(EXTRACTED MATERIAL)
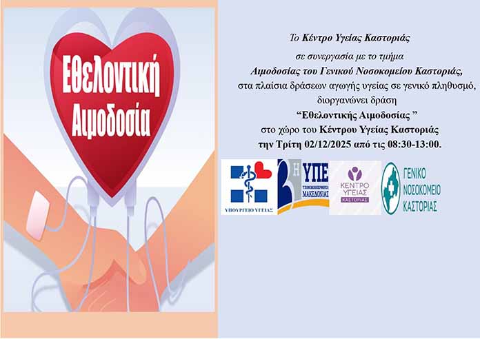 Δράση Εθελοντικής Αιμοδοσίας στο Κέντρο Υγείας Καστοριάς By mpetskas team - November 27, 2025 Share on Facebook Tweet on Twitter Δράση Εθελοντικής Αιμοδοσίας, θα πραγματοποιηθεί στο Κέντρο Υγείας Καστοριάς σε συνεργασία με το τμήμα Αιμοδοσίας του Γενικού Νοσοκομείου Καστοριάς. Προσκαλούμε τους ενδιαφερόμενους πολίτες να προσέλθουν στο χώρο μας ώστε να δώσουν αίμα εθελοντικά.
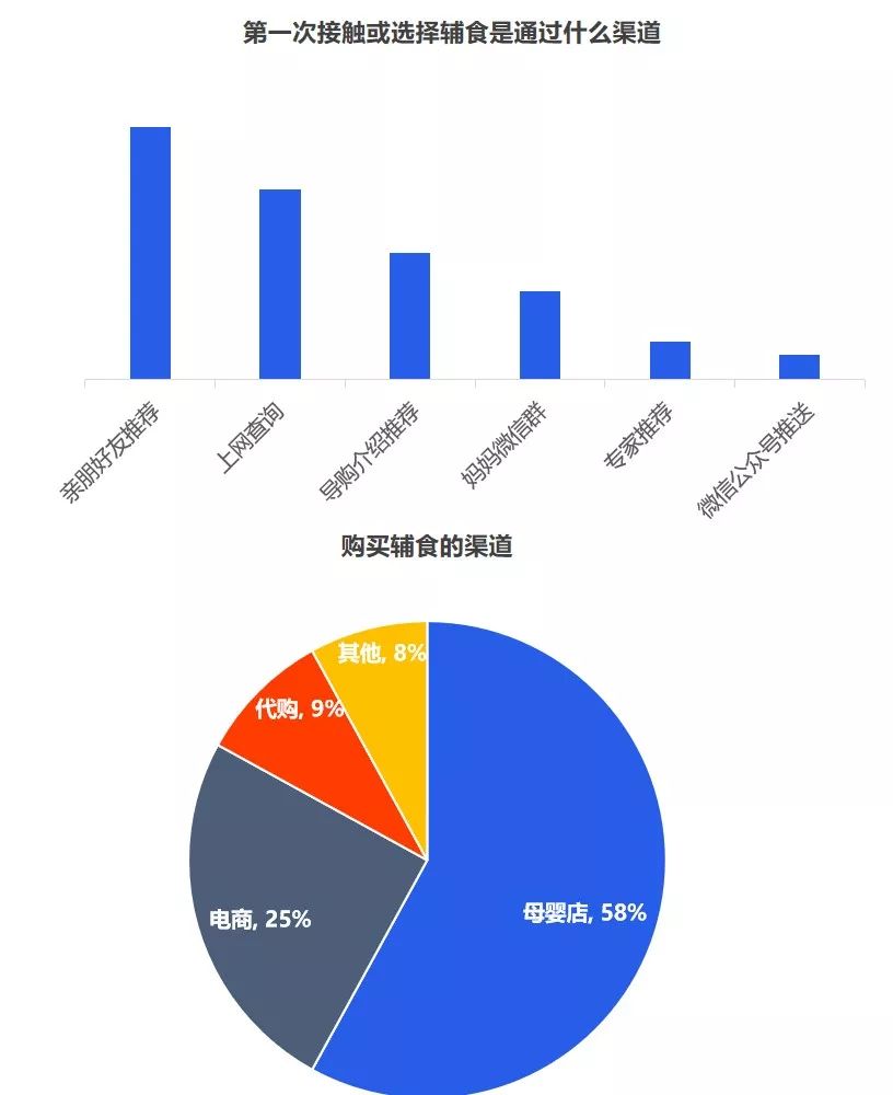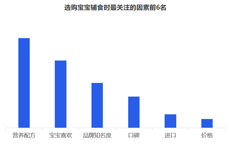 但是對(duì)于品牌而言,最重要的是洞察需求,一個(gè)好的洞察,一定是清晰揭示消費(fèi)者的傾向,暗示了一個(gè)市場(chǎng)機(jī)會(huì)。究竟品牌入局輔食的機(jī)會(huì)有多大,媽媽們是如何看待輔食的? 從當(dāng)前的嬰幼兒用品的采購(gòu)情況來(lái)看,媽媽負(fù)責(zé)嬰幼兒用品的采購(gòu),用戶(hù)占比超七成。奶爸也會(huì)經(jīng)常協(xié)助寶媽?zhuān)瑓⑴c到嬰幼兒用品的采購(gòu)活動(dòng)中,用戶(hù)占比為41.7%。 從近一年的百度指數(shù)來(lái)看,目前關(guān)注輔食最突出的地域是廣州、浙江、江蘇、山東、北京等,可見(jiàn),當(dāng)前一二線(xiàn)城市的消費(fèi)者對(duì)輔食的認(rèn)知教育有所提高,但是低線(xiàn)城市的消費(fèi)者對(duì)寶寶輔食的添加還不重視。 其次,從年齡段來(lái)看,“30-39歲”的消費(fèi)人群對(duì)輔食的關(guān)注度最高,而在這其中,女性對(duì)輔食的關(guān)注度遠(yuǎn)高于男性。 2019年母嬰行業(yè)觀(guān)察通過(guò)線(xiàn)上調(diào)研近10000人數(shù)的家長(zhǎng)進(jìn)行了輔食調(diào)查,其中80后占據(jù)24%,85后占據(jù)26%,90后44%,95后4%,對(duì)輔食的態(tài)度如下: 1、幾乎所有的媽媽都認(rèn)為有必要給寶寶添加輔食,并且有一半的媽媽認(rèn)為要在6個(gè)月時(shí)添加,而有32%的媽媽認(rèn)為在6個(gè)月-1歲開(kāi)始添加,還有16%的人在6個(gè)月以前就添加輔食。 2、大部分寶寶的輔食來(lái)源都是“購(gòu)買(mǎi)與自制”相結(jié)合,而在購(gòu)買(mǎi)輔食時(shí),媽媽們購(gòu)買(mǎi)最多的類(lèi)型依舊是米粉,其次則是餅干、磨牙棒等小食品、營(yíng)養(yǎng)面等。 3、互聯(lián)網(wǎng)與社交圈對(duì)媽媽的購(gòu)買(mǎi)決策權(quán)的影響力較大,據(jù)調(diào)查顯示,媽媽們第一次接觸或選擇輔食大多都是通過(guò)親朋好友推薦,上網(wǎng)查詢(xún)等。當(dāng)然消費(fèi)者在購(gòu)買(mǎi)嬰兒輔食的渠道選擇上,其實(shí)與奶粉并無(wú)不同,為了保證產(chǎn)品的質(zhì)量和安全性,同時(shí)也為了可以得到育嬰專(zhuān)家的指導(dǎo)和幫助,消費(fèi)者更傾向于在專(zhuān)業(yè)的母嬰用品連鎖店或主流電商平臺(tái)購(gòu)買(mǎi)食品。 4、隨著85后、90后新生代父母的崛起,他們與父輩的消費(fèi)觀(guān)念并不相同,不再執(zhí)著與于進(jìn)口與價(jià)格等,而是開(kāi)始關(guān)注是營(yíng)養(yǎng)配方,重要的是寶寶喜歡。 5、對(duì)于寶寶而言,自添加輔食開(kāi)始,都是與奶粉喂養(yǎng)相結(jié)合,目前超一半的寶寶每天食用輔食的頻率都是一天兩頓。當(dāng)然這在一定程度上也決定了每個(gè)月在寶寶的輔食上的花費(fèi)是多少,從月消費(fèi)來(lái)看,可以明顯看出200以?xún)?nèi)的將近半數(shù),當(dāng)然也可以看出花費(fèi)在300以上的有21%,可見(jiàn),對(duì)于嬰兒食品這個(gè)特殊的品類(lèi),以及嬰幼兒這個(gè)特殊的消費(fèi)人群,消費(fèi)持續(xù)升級(jí)仍然明顯。近兩年來(lái),嬰幼兒輔食高端化、有機(jī)化趨勢(shì)明顯。 近幾年來(lái),越來(lái)越多的媽媽意識(shí)到輔食的重要性,隨著我國(guó)居民可支配的收入不斷提高,消費(fèi)者投入了更多的關(guān)注給自己的孩子,作為寶寶的第二餐,消費(fèi)者愿意投入更多費(fèi)用,使用周期會(huì)不斷變長(zhǎng),且更注重輔食產(chǎn)品的品質(zhì)和質(zhì)量??梢?jiàn)隨著消費(fèi)水平的提升,年輕父母對(duì)于對(duì)孩子的飲食質(zhì)量、飲食營(yíng)養(yǎng)的投入更加重視,會(huì)更追求高附加值、高品質(zhì)的輔食,中國(guó)輔食市場(chǎng)會(huì)繼續(xù)高速發(fā)展。
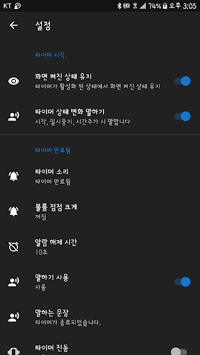 타이머 작동 중 화면이 꺼지지 않아 눈으로도 확인이 가능합니다.
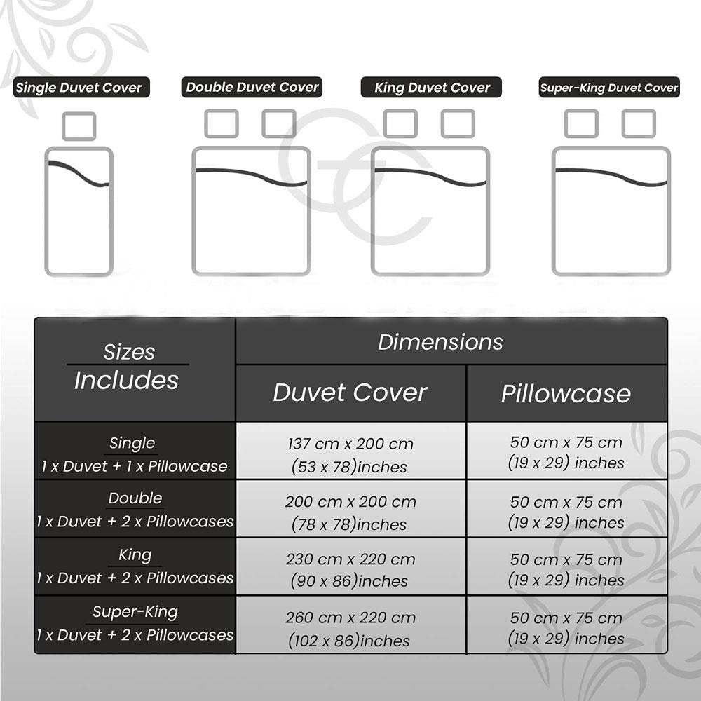 Includes duvet cover and matching pillowcase(s) (single 1x pillow case, all other sizes 2x)
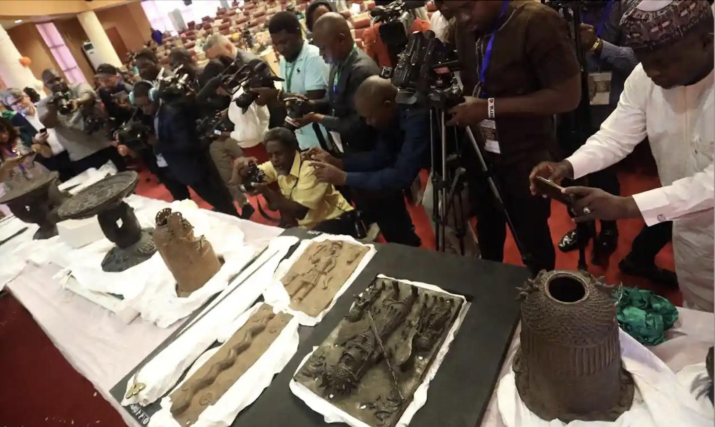 2022年12月,德国归还的贝宁青铜器在位于阿布贾的尼日利亚外交部展出
(End EXTRACTED MATERIAL)
# [TASK REQUIREMENTS]
Each entry above should be written out verbatim, minus its pictures.

# [OUTPUT FOR THIS TASK]
 Δράση Εθελοντικής Αιμοδοσίας στο Κέντρο Υγείας Καστοριάς By mpetskas team - November 27, 2025 Share on Facebook Tweet on Twitter Δράση Εθελοντικής Αιμοδοσίας, θα πραγματοποιηθεί στο Κέντρο Υγείας Καστοριάς σε συνεργασία με το τμήμα Αιμοδοσίας του Γενικού Νοσοκομείου Καστοριάς. Προσκαλούμε τους ενδιαφερόμενους πολίτες να προσέλθουν στο χώρο μας ώστε να δώσουν αίμα εθελοντικά.
 但是對(duì)于品牌而言,最重要的是洞察需求,一個(gè)好的洞察,一定是清晰揭示消費(fèi)者的傾向,暗示了一個(gè)市場(chǎng)機(jī)會(huì)。究竟品牌入局輔食的機(jī)會(huì)有多大,媽媽們是如何看待輔食的? 從當(dāng)前的嬰幼兒用品的采購(gòu)情況來(lái)看,媽媽負(fù)責(zé)嬰幼兒用品的采購(gòu),用戶(hù)占比超七成。奶爸也會(huì)經(jīng)常協(xié)助寶媽?zhuān)瑓⑴c到嬰幼兒用品的采購(gòu)活動(dòng)中,用戶(hù)占比為41.7%。 從近一年的百度指數(shù)來(lái)看,目前關(guān)注輔食最突出的地域是廣州、浙江、江蘇、山東、北京等,可見(jiàn),當(dāng)前一二線(xiàn)城市的消費(fèi)者對(duì)輔食的認(rèn)知教育有所提高,但是低線(xiàn)城市的消費(fèi)者對(duì)寶寶輔食的添加還不重視。 其次,從年齡段來(lái)看,“30-39歲”的消費(fèi)人群對(duì)輔食的關(guān)注度最高,而在這其中,女性對(duì)輔食的關(guān)注度遠(yuǎn)高于男性。 2019年母嬰行業(yè)觀(guān)察通過(guò)線(xiàn)上調(diào)研近10000人數(shù)的家長(zhǎng)進(jìn)行了輔食調(diào)查,其中80后占據(jù)24%,85后占據(jù)26%,90后44%,95后4%,對(duì)輔食的態(tài)度如下: 1、幾乎所有的媽媽都認(rèn)為有必要給寶寶添加輔食,并且有一半的媽媽認(rèn)為要在6個(gè)月時(shí)添加,而有32%的媽媽認(rèn)為在6個(gè)月-1歲開(kāi)始添加,還有16%的人在6個(gè)月以前就添加輔食。 2、大部分寶寶的輔食來(lái)源都是“購(gòu)買(mǎi)與自制”相結(jié)合,而在購(gòu)買(mǎi)輔食時(shí),媽媽們購(gòu)買(mǎi)最多的類(lèi)型依舊是米粉,其次則是餅干、磨牙棒等小食品、營(yíng)養(yǎng)面等。 3、互聯(lián)網(wǎng)與社交圈對(duì)媽媽的購(gòu)買(mǎi)決策權(quán)的影響力較大,據(jù)調(diào)查顯示,媽媽們第一次接觸或選擇輔食大多都是通過(guò)親朋好友推薦,上網(wǎng)查詢(xún)等。當(dāng)然消費(fèi)者在購(gòu)買(mǎi)嬰兒輔食的渠道選擇上,其實(shí)與奶粉并無(wú)不同,為了保證產(chǎn)品的質(zhì)量和安全性,同時(shí)也為了可以得到育嬰專(zhuān)家的指導(dǎo)和幫助,消費(fèi)者更傾向于在專(zhuān)業(yè)的母嬰用品連鎖店或主流電商平臺(tái)購(gòu)買(mǎi)食品。 4、隨著85后、90后新生代父母的崛起,他們與父輩的消費(fèi)觀(guān)念并不相同,不再執(zhí)著與于進(jìn)口與價(jià)格等,而是開(kāi)始關(guān)注是營(yíng)養(yǎng)配方,重要的是寶寶喜歡。 5、對(duì)于寶寶而言,自添加輔食開(kāi)始,都是與奶粉喂養(yǎng)相結(jié)合,目前超一半的寶寶每天食用輔食的頻率都是一天兩頓。當(dāng)然這在一定程度上也決定了每個(gè)月在寶寶的輔食上的花費(fèi)是多少,從月消費(fèi)來(lái)看,可以明顯看出200以?xún)?nèi)的將近半數(shù),當(dāng)然也可以看出花費(fèi)在300以上的有21%,可見(jiàn),對(duì)于嬰兒食品這個(gè)特殊的品類(lèi),以及嬰幼兒這個(gè)特殊的消費(fèi)人群,消費(fèi)持續(xù)升級(jí)仍然明顯。近兩年來(lái),嬰幼兒輔食高端化、有機(jī)化趨勢(shì)明顯。 近幾年來(lái),越來(lái)越多的媽媽意識(shí)到輔食的重要性,隨著我國(guó)居民可支配的收入不斷提高,消費(fèi)者投入了更多的關(guān)注給自己的孩子,作為寶寶的第二餐,消費(fèi)者愿意投入更多費(fèi)用,使用周期會(huì)不斷變長(zhǎng),且更注重輔食產(chǎn)品的品質(zhì)和質(zhì)量??梢?jiàn)隨著消費(fèi)水平的提升,年輕父母對(duì)于對(duì)孩子的飲食質(zhì)量、飲食營(yíng)養(yǎng)的投入更加重視,會(huì)更追求高附加值、高品質(zhì)的輔食,中國(guó)輔食市場(chǎng)會(huì)繼續(xù)高速發(fā)展。
 타이머 작동 중 화면이 꺼지지 않아 눈으로도 확인이 가능합니다.
 Includes duvet cover and matching pillowcase(s) (single 1x pillow case, all other sizes 2x)
 2022年12月,德国归还的贝宁青铜器在位于阿布贾的尼日利亚外交部展出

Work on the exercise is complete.